Within the records below, reproduce without change the lines from the line that has "If your account" through the line that has "意味不明あだ名 | 『ペロリンやべち』『やべちフォーエバー』 |", and only those.

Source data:
Start of Block

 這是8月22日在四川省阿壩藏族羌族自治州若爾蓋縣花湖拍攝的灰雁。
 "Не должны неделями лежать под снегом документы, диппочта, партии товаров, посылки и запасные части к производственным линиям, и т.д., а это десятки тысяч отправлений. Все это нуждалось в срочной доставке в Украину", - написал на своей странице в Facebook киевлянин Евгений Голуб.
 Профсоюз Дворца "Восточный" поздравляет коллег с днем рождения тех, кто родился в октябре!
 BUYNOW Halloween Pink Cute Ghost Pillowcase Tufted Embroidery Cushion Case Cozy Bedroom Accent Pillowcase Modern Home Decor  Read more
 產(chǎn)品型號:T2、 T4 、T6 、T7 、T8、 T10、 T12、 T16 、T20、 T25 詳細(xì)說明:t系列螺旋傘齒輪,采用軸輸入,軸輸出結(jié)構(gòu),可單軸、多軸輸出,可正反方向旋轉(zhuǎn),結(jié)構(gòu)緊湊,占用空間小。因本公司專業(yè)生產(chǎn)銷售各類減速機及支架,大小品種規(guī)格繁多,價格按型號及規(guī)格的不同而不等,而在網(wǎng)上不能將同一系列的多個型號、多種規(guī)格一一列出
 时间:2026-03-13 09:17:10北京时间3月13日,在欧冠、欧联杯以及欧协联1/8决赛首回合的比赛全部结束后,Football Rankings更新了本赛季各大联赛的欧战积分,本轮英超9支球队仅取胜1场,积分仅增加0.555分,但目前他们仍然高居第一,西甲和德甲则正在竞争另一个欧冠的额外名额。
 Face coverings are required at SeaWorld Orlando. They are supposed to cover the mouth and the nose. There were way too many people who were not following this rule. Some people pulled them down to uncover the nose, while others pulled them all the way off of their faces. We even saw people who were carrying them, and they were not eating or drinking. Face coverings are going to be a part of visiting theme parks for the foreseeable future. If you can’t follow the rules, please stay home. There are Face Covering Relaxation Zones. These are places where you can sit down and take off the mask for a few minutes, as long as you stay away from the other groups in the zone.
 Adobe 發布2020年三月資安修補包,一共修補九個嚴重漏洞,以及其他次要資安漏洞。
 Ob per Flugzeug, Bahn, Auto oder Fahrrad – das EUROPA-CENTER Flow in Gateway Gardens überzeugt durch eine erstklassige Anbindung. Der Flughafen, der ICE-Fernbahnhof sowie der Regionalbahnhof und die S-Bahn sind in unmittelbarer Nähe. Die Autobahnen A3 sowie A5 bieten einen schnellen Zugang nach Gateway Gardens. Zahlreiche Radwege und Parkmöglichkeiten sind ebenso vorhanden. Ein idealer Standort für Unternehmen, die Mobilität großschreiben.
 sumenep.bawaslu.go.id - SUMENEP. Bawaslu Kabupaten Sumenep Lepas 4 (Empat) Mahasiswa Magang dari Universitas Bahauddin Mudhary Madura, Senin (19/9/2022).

End of Block
Start of Block

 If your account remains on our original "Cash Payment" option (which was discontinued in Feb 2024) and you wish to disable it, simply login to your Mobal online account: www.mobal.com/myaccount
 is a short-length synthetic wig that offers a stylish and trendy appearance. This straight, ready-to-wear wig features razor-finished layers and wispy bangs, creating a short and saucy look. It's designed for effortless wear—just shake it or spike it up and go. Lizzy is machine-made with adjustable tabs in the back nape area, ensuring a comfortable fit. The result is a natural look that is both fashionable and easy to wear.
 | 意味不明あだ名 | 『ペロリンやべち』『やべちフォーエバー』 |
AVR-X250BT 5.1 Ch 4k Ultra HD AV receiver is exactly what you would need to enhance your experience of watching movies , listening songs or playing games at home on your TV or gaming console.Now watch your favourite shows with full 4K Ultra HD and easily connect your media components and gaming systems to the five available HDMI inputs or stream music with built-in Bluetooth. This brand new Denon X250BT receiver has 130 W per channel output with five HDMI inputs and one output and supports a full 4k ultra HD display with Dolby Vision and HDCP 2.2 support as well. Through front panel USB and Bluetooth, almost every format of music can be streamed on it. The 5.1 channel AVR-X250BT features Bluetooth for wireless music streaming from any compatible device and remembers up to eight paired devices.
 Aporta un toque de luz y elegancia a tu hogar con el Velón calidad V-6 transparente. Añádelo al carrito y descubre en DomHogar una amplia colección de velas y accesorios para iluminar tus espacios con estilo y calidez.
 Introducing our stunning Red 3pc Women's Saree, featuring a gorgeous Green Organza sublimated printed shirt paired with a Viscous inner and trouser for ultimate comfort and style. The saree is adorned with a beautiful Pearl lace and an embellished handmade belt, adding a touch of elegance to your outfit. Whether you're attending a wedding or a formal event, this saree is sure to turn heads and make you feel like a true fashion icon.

End of Block

• **ANSWER TO THIS EXERCISE**
 If your account remains on our original "Cash Payment" option (which was discontinued in Feb 2024) and you wish to disable it, simply login to your Mobal online account: www.mobal.com/myaccount
 is a short-length synthetic wig that offers a stylish and trendy appearance. This straight, ready-to-wear wig features razor-finished layers and wispy bangs, creating a short and saucy look. It's designed for effortless wear—just shake it or spike it up and go. Lizzy is machine-made with adjustable tabs in the back nape area, ensuring a comfortable fit. The result is a natural look that is both fashionable and easy to wear.
 | 意味不明あだ名 | 『ペロリンやべち』『やべちフォーエバー』 |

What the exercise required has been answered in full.